**Exercise**
Your task is to print, exactly and only, the lines from the start of the entries below through the line with "Figure 1. SEM". Include both ends, but skip the pictures.

• • • • •

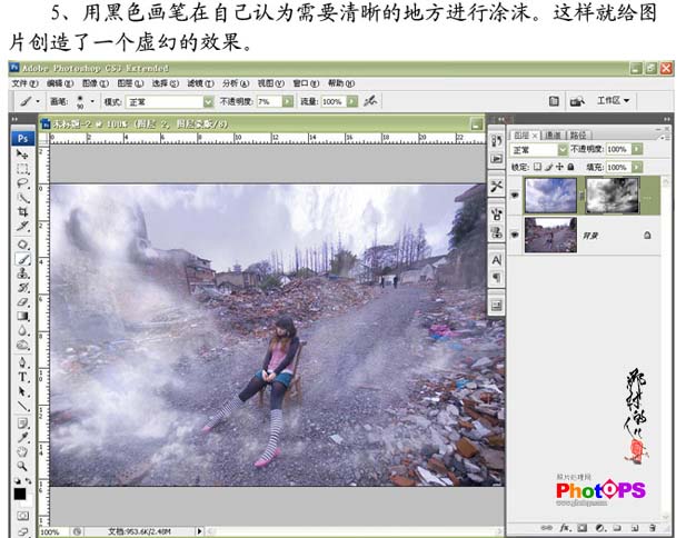 5、用黑色画笔在自己认为需要清晰的地方进行涂沫,这样就给图片创造了一个虚幻的效果。
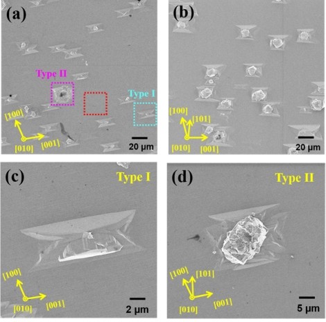 Figure 1. SEM images of the (010) surface: (a) type I hillock is predominant, (b) type II shows a wide distribution. The enlarged SEM of type I and type II hillocks, respectively, in (c) and (d).
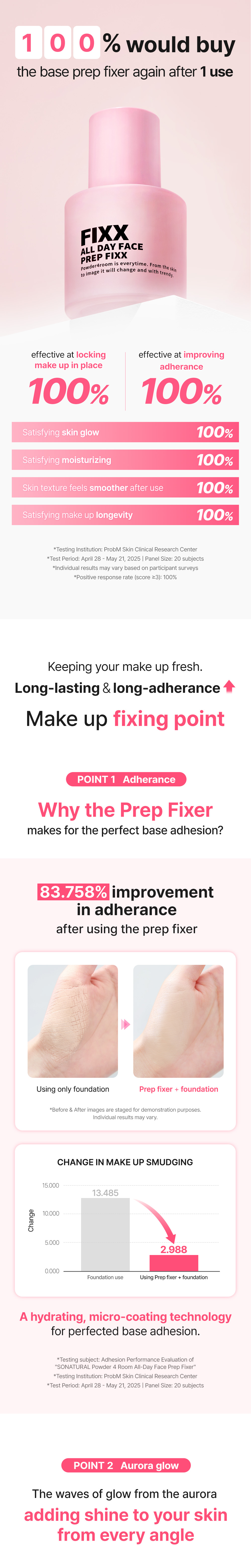 Prep fixer, which helps moisturize and clean skin, helps improve skin texture and shine.
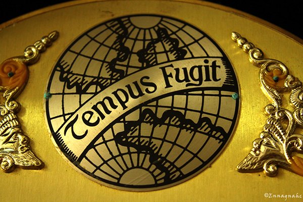 La frase tempus fugit se ha visto frecuentemente grabada en relojes, relojes de sol, marcadores de tumbas y edificios, como recordatorio constante de la fugacidad del tiempo.
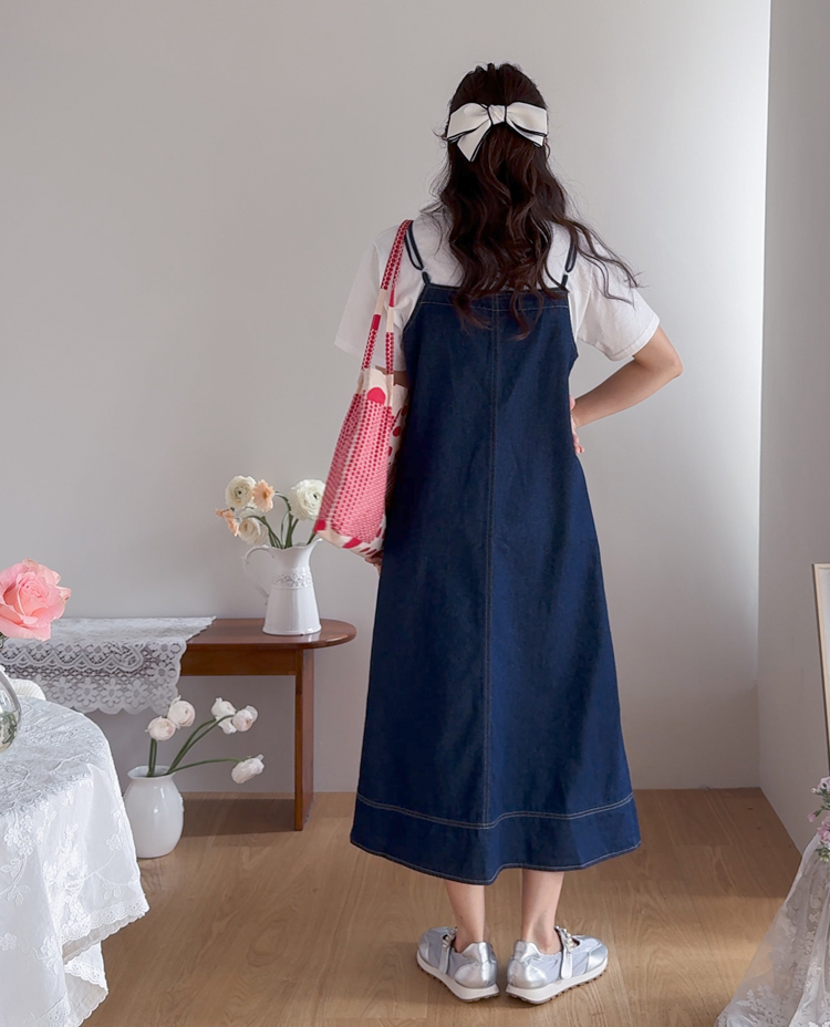 【肩ひも長さ調節】 リネットステッチディテールフロントボタン Aライン ロングワンピース [size:F(55~66)]

• • • • •

**Task result**
 5、用黑色画笔在自己认为需要清晰的地方进行涂沫,这样就给图片创造了一个虚幻的效果。
 Figure 1. SEM images of the (010) surface: (a) type I hillock is predominant, (b) type II shows a wide distribution. The enlarged SEM of type I and type II hillocks, respectively, in (c) and (d).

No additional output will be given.